Showing posts with label letter. Show all posts
Showing posts with label letter. Show all posts

Tuesday, March 6, 2018

Blue Star


Blue Star
Oil on Canvas

This is part of my Rosie the Riveter series and it is significant for a few reasons.  For each Rosie I  like to have a story and significance to the piece.  In this piece she is reading a letter, we used to read letters.  I can remember running to the mailbox to see if I got a letter that day.  It was a big part of "social media."  The letters I got were read over and over again.  They were treasured.  So in this painting I am bringing you back in time to when the written word was so much more significant than it is today.  Of course she has her signature red polka dot kerchief on her head.  She also wears a blue star pin.  Blue star pins are worn by military family members who have a loved one in harms way...that is... at war.  My paternal grandmother had a blue star pin with 4 stars...that means she had four people fighting for our country.  They were her husband and three sons.  I cannot imagine the angst she felt not knowing how her family was.  I am proud to say I still have the pin and it is one of my most prized possessions.  The other significant item is the locket around her neck.  I painted it in the shape of a heart and my thought is that it holds a picture of her loved one.  

Monday, August 1, 2016

The Letter - Military Spouse Series


The Letter

36 x 36
Oil on Canvas

$3000

My last post showed a portion of this painting...here is the entire piece.  Her name is Maria...here is a bit of her story:

In 1992, Maria married her college sweetheart LT Greg Bowie.  However, it was more than 10 years later before they resided in one place –together and permanently.
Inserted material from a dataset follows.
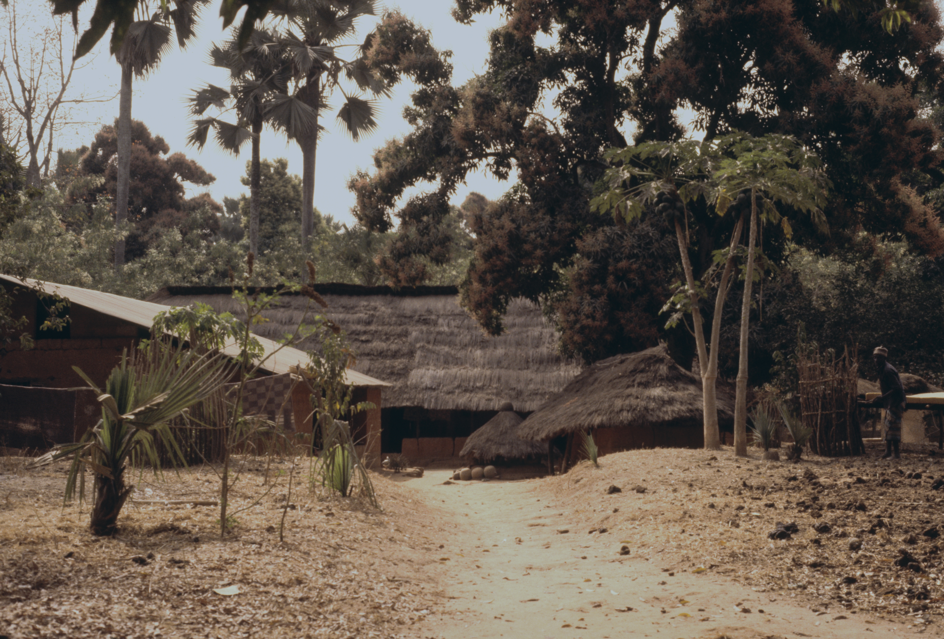 general view, typical houses - clay walls with thatched roof, 1988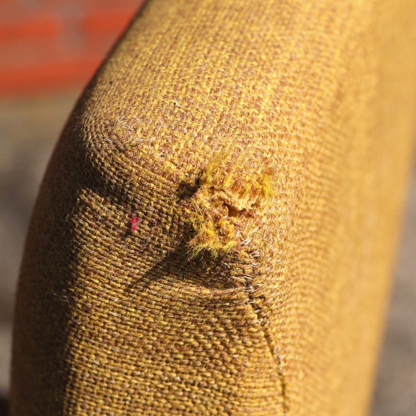 Fremstår med brugsspor i form af vandmærker og ridser på stel samt mindre hul i betrækket.

During early marriage, LT Bowie was assigned to the USS Nimitz and in 1994-5 the ship served as the test platform for a “new thing” called e-mail.  Writing brief messages, just a couple lines long, families and friends were able to communicate for the first time with a surface ship at sea in a matter of hours, instead of days, weeks or months. Despite the huge leap in technology and convenience, they continue today to add to their families’ history of handwritten letters and cards, like the generation before. They live with their son, Gunnar, in Arlington, Virginia where black ink and crisp stationery are in good supply. 
When Maria first told me she was able to email her husband...among the first to do so...I just assumed that she wrote a newsy, lengthy note telling him of her daily happenings.  I didn't realize that it would be just a couple of lines.  It makes me feel so fortunate to be able to communicate at length whenever I want.  
I still like handwritten notes and do write especially thank you notes.  I don't write as often as I would like...but whenever I get a personal note I feel special and make a new resolve to write more often.